Skip to content

Instantly share code, notes, and snippets.

@PharkMillups
Created October 29, 2010 23:35
Show Gist options
  • Star 0 You must be signed in to star a gist
  • Fork 0 You must be signed in to fork a gist
  • Save PharkMillups/654659 to your computer and use it in GitHub Desktop.
Save PharkMillups/654659 to your computer and use it in GitHub Desktop.
14:39 <jlouis> Question time... A bucket has 868497 keys in it.
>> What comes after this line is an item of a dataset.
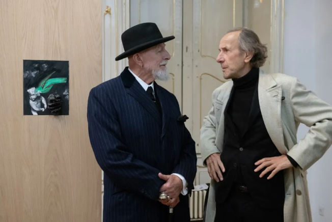 交談中的馬庫(kù)斯·呂佩爾茨和恩佐·庫(kù)奇 ? Enzo Cucchi.圖片由藝術(shù)家和紅樹(shù)林畫(huà)廊提供

Is there a way to run a mapred query over
the whole bucket without calling list_keys(Bucket) first to generate a list of size 868497 and then consume
it straight after?
14:42 <ericflo> jlouis: you can just pass a bucket name to mapreduce
14:44 <ericflo> jlouis: but in my understanding it does do a list_keys anyway
14:45 <jlouis> ah, the erlang riakc_pb_socket interface has a mapred_bucket function, I'll go with that for now
14:45 <hemulen> it does do a list_keys but we stream the keys internally so as to not load the entire
key list into memory, fwiw
14:45 <hemulen> that's what caused the huge memory footprint in prior releases
14:45 <jlouis> noted.
14:46 justinsheehy joined
14:47 <jlouis> hemulen: my goal mostly was to push the burden of the key maintenance down into
riak such that exactly that case could be fixed if not already, then later
14:48 <hemulen> yep. full-bucket mapred is something we didn't support as well before but there
are improvements in later releases and we've more improvements on the way.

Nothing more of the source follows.